### TASK DETAILS
Starting at the line below with "Bilance běžného účtu" and stopping at the line with "Blade, 2 Pack", please print each line exactly, those two included, and skip every picture.

### DATA EXTRACTS
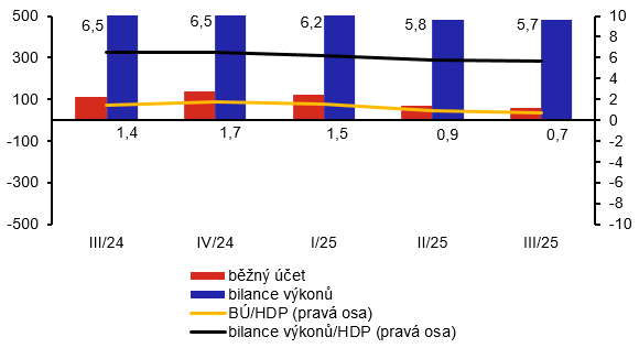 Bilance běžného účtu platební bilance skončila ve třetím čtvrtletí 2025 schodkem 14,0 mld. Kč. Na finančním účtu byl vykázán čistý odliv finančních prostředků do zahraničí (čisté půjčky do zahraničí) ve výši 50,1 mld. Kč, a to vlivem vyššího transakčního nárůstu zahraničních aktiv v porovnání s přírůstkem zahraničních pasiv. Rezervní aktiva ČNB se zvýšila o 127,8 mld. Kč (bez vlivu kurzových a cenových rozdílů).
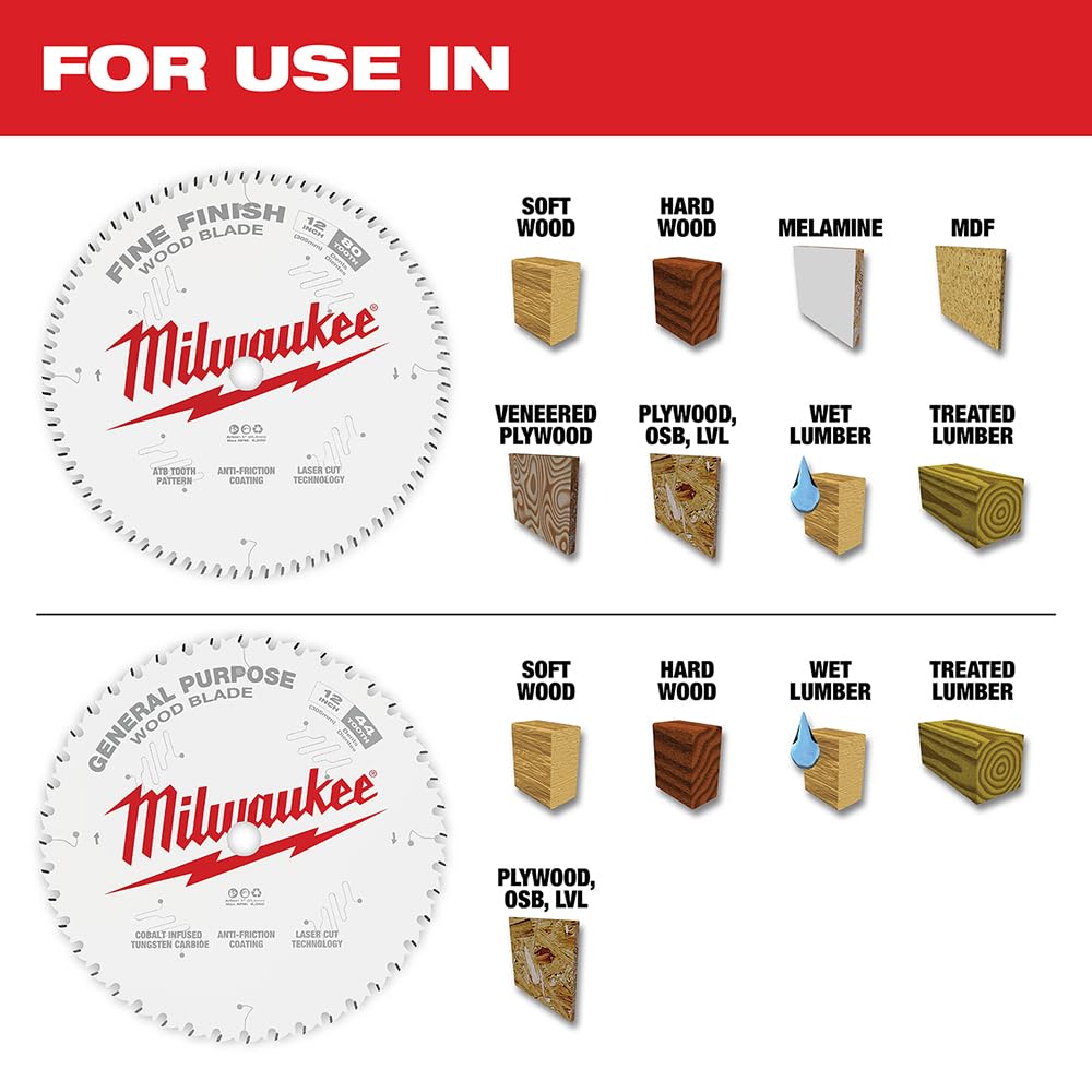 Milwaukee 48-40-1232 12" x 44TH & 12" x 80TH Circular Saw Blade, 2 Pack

...

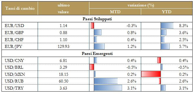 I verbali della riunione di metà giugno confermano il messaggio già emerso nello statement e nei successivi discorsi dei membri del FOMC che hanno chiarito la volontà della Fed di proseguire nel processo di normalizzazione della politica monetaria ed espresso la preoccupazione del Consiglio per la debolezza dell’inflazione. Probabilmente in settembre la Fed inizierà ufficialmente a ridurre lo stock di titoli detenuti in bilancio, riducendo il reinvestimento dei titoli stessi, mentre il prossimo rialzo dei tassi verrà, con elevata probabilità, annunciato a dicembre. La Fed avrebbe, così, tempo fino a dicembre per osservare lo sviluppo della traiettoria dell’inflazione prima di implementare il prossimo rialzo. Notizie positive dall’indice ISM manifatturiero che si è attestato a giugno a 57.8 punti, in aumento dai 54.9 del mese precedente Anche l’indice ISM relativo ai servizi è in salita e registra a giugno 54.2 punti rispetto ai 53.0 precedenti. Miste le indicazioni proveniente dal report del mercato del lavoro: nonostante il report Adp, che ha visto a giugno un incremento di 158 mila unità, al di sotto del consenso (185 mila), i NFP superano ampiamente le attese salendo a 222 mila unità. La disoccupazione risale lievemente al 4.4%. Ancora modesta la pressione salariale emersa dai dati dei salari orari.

### OUTPUT OF THE EXERCISE
 Bilance běžného účtu platební bilance skončila ve třetím čtvrtletí 2025 schodkem 14,0 mld. Kč. Na finančním účtu byl vykázán čistý odliv finančních prostředků do zahraničí (čisté půjčky do zahraničí) ve výši 50,1 mld. Kč, a to vlivem vyššího transakčního nárůstu zahraničních aktiv v porovnání s přírůstkem zahraničních pasiv. Rezervní aktiva ČNB se zvýšila o 127,8 mld. Kč (bez vlivu kurzových a cenových rozdílů).
 Milwaukee 48-40-1232 12" x 44TH & 12" x 80TH Circular Saw Blade, 2 Pack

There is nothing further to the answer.